MAIL ORDER BRIDES in Australia|
Shame of Aussie men's sex hunt Australian men from mental institutions were going to the Philippines in search of sex slaves and house maids, a federal parliamentary committee was told yesterday. The committee was told the men went to brothels and bars in the Philippines in search of mail order brides after reading how easy it was to bring home Filipino women. The chairman of the NSW Filipino Forum, Mr Jose Relunia, told the Joint Standing Committee on Migration Regulations in Canberra that even though a small number of Australian men tried to exploit Filipino women, it was degrading to the population to use the term mail order bride. During the second day of public hearings, the committee was also told that ethnic mail order brides in Australia on short term stays were being black-mailed with domestic violence by their partners to make them stay in unhappy relationships rather than face deportation. Mr Relunia told the committee the term mail order bride should be struck from the vocabulary.
Filipino mail order brides resent the term
"The Filipino community very strongly resents the stereotypes that have been portrayed that all Filipino women are exploited, mail order brides," Mr Relunia said. "There is no such thing as a mail order bride - the term belongs to the Middle Ages." Mr Relunia said Filipino mail order brides were on the whole well educated, prepared to accept the responsibilities of marriage and very cosmopolitan. "They are embarrassed by this stigma that has been attached to them by the publicity on mail order brides." Mr Relunia said it was true that there were cases of Australian men from psychiatric institutions who went to the Philippines seeking "sex slaves and house maids" after publicity about Filipino mail order brides.
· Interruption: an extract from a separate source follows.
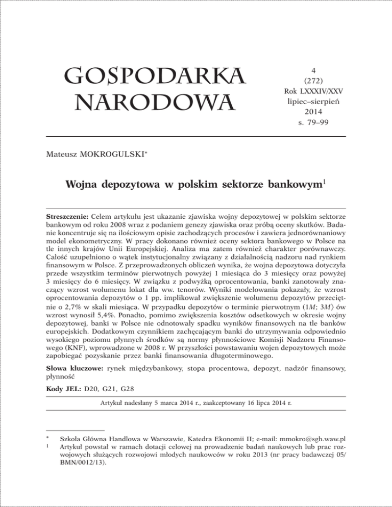 79 Mateusz Mokrogulski, Wojna depozytowa w polskim sektorze bankowym Gospodarka narodowa 4 (272) Rok LXXXIV/XXV lipiec–sierpień 2014 s. 79–99 Mateusz MOKROGULSKI* Wojna depozytowa w polskim sektorze bankowym1 Streszczenie: Celem artykułu jest ukazanie zjawiska wojny depozytowej w polskim sektorze bankowym od roku 2008 wraz z podaniem genezy zjawiska oraz próbą oceny skutków. Bada‑ nie koncentruje się na ilościowym opisie zachodzących procesów i zawiera jednorównaniowy model ekonometryczny. W pracy dokonano również oceny sektora bankowego w Polsce na tle innych krajów Unii Europejskiej. Analiza ma zatem również charakter porównawczy. Całość uzupełniono o wątek instytucjonalny związany z działalnością nadzoru nad rynkiem finansowym w Polsce. Z przeprowadzonych obliczeń wynika, że wojna depozytowa dotyczyła przede wszystkim terminów pierwotnych powyżej 1 miesiąca do 3 miesięcy oraz powyżej 3 miesięcy do 6 miesięcy. W związku z podwyżką oprocentowania, banki zanotowały zna‑ czący wzrost wolumenu lokat dla ww. tenorów. Wyniki modelowania pokazały, że wzrost oprocentowania depozytów o 1 pp. implikował zwiększenie wolumenu depozytów przecięt‑ nie o 2,7 % w skali miesiąca. W przypadku depozytów o terminie pierwotnym (1M; 3M 〉 ów wzrost wynosił 5,4 %. Ponadto, pomimo zwiększenia kosztów odsetkowych w okresie wojny depozytowej, banki w Polsce nie odnotowały spadku wyników finansowych na tle banków europejskich. Dodatkowym czynnikiem zachęcającym banki do utrzymywania odpowiednio wysokiego poziomu płynnych środków są normy płynnościowe Komisji Nadzoru Finanso‑ wego (KNF), wprowadzone w 2008 r. W przyszłości powstawaniu wojen depozytowych może zapobiegać pozyskanie przez banki finansowania długoterminowego. Słowa kluczowe: rynek międzybankowy, stopa procentowa, depozyt, nadzór finansowy, płynność Kody JEL: D20, G21, G28 Artykuł nadesłany 5 marca 2014 r., zaakceptowany 16 lipca 2014 r. * 1 Szkoła Główna Handlowa w Warszawie, Katedra Ekonomii II; e‑mail: [email protected] Artykuł powstał w ramach dotacji celowej na prowadzenie badań naukowych lub prac roz‑ wojowych służących rozwojowi młodych naukowców w roku 2013 (nr pracy badawczej 05/ BMN/0012/13). 80 GOSPODARKA NARODOWA nr 4/2014 Wstęp Celem artykułu jest przedstawienie zjawiska tzw. wojny depozytowej w sek‑ torze bankowym w Polsce od 2008 r. wraz z podaniem genezy zjawiska oraz próbą oceny skutków. Na początku pracy zawarto krótki przegląd badań na‑ ukowych dotyczących szeroko rozumianego zagadnienia płynności w bankach. Następnie znajduje się właściwy opis zjawiska wojny depozytowej. Analizowane są tu przyczyny, które mogły doprowadzić do znacznego wzrostu ceny pie‑ niądza w polskim sektorze bankowym, jak również wpływ zwiększenia opro‑ centowania depozytów na wybrane wskaźniki finansowe banków. Dodatkowo, w podsumowaniu tej części artykułu znajduje się analiza porównawcza wyni‑ ków polskiego sektora bankowego na tle pozostałych krajów Unii Europejskiej. W dalszej kolejności podjęto tematykę norm płynnościowych Komisji Nadzoru Finansowego (KNF), które miały znaczący wpływ na działania banków w za‑ kresie pozyskiwania środków pieniężnych. Artykuł kończą rozważania dotyczące finansowania długoterminowego, które obecnie stanowi wyzwanie dla banków w Polsce. Całość pracy ma charakter przede wszystkim empiryczny. Zagadnienia poruszane w artykule są ważne w procesie opisu czynników kształtujących poziom stóp procentowych w bankach. Te ostatnie przekładają się na popyt na kredyt, a także na podaż oszczędności w gospodarce, co poprzez mechanizmy mnożnikowe oddziałuje na sferę realną gospodarki. Jednocześnie badania nad płynnością w sektorze bankowym będą obecnie zyskiwać na zna‑ czeniu z uwagi na wprowadzane na poziomie unijnym normy płynnościowe. Konieczność ich stosowania będzie stanowiła istotny problem dla banków nie tylko w Polsce, które będą musiały przykładać większą wagę do zagadnienia zarządzania płynnością. Przegląd badań naukowych Literatura naukowa nie odnosi się wprost do badania samego zjawiska wojny depozytowej w sektorze bankowym. Zarówno badania ilościowe, jak i jakościowe w tym zakresie koncentrują się raczej na pokazaniu, jak waż‑ nym elementem działalności bankowej jest kwestia zapewnienia odpowied‑ niej ilości środków w celu regulowania zobowiązań. Zagadnienie szeroko ro‑ zumianej płynności jest trudne do skwantyfikowania, jako że na świecie nie istnieją wystandaryzowane miary płynności. Z tego powodu trudno również odpowiedzieć na pytanie o płynność całego sektora bankowego oraz ustalić, które z banków kreują najwięcej płynnych środków. Niemożliwym jest rów‑ nież określenie, w jaki sposób płynność przekłada się na inne zmienne ban‑ kowe, np. poziom kapitałów [Berger, Bouwman, 2009, s. 3780]. Jednocześnie banki, które umieją kreować płynność, cechują się również większą wartością firmy. Ponadto instytucje bankowe powinny utrzymywać odpowiednio wysoki poziom płynnych środków, jako że zazwyczaj występuje niedopasowanie akty‑ wów i pasywów pod względem terminów, a dodatkowo depozyty mogą zostać Mateusz Mokrogulski, Wojna depozytowa w polskim sektorze bankowym 81 nieoczekiwanie zerwane przez klientów. Ci ostatni wręcz uważają, że jedną z usług bankowych jest oferowanie płynnych środków (zarówno kredytów, jak i możliwości wcześniejszego zerwania depozytów) w sytuacji wystąpienia nie‑ przewidzianego zapotrzebowania na pieniądz. Dostosowując się do potrzeb klientów, banki muszą utrzymywać pewną wielkość środków płynnych, co po‑ woduje powstanie konkretnych kosztów [Kashyap i in., 2002, s. 35]. Co więcej, fakt finansowania niepłynnych aktywów za pomocą depozytów krótkookreso‑ wych naraża

He said they went to bars and brothels seeking such women. Mr Relunia urged the Immigration Department to allow permanent residency to all visitors to Australia who marry here, and said de facto relationships should be excluded. The president of a body called the Non-English Speaking Background Women, Mrs Matina Mottee, said her group was concerned that mail order brides who tried to change their status after marrying in Australia or becoming involved in a de facto relationship were opting for domestic violence rather than returning home.